13.  Acknowledgements

   When designing this protocol, earlier header compression ideas
   described in [CJHC], [IPHC] and [CRTP] have been important sources of
   knowledge.

   Thanks to Anton Martensson for many valuable draft contributions.

   Andreas Jonsson (Lulea University) made a great job supporting this
   work in his study of header field change patterns. Our collaboration
   on consistent field classification methods was also very fruitful and
   resulted in great improvements to those parts of this document.


14.  Intellectual property considerations

   This proposal in is conformity with RFC 2002.

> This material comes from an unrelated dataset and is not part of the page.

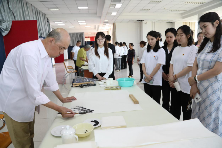 其間,館員老師們進行了現場創作,引來觀展師生們的關注,為相關專業學生呈現了一堂生動的現場觀摩課。

   Telefonaktiebolaget LM Ericsson and its subsidiaries, in accordance
   with corporate policy, will for submissions rightfully made by its
   employees which are adopted or recommended as a standard by the IETF
   offer patent licensing as follows:

   If part(s) of a submission by Ericsson employees is (are) included in
   a standard and Ericsson has patents and/or patent application(s) that
   are essential to implementation of such included part(s) in said
   standard, Ericsson is prepared to grant - on the basis of reciprocity
   (grant-back) - a license on such included part(s) on reasonable, non-
   discriminatory terms and conditions.

   For the avoidance of doubt this general patent licensing undertaking
   applies to this proposal.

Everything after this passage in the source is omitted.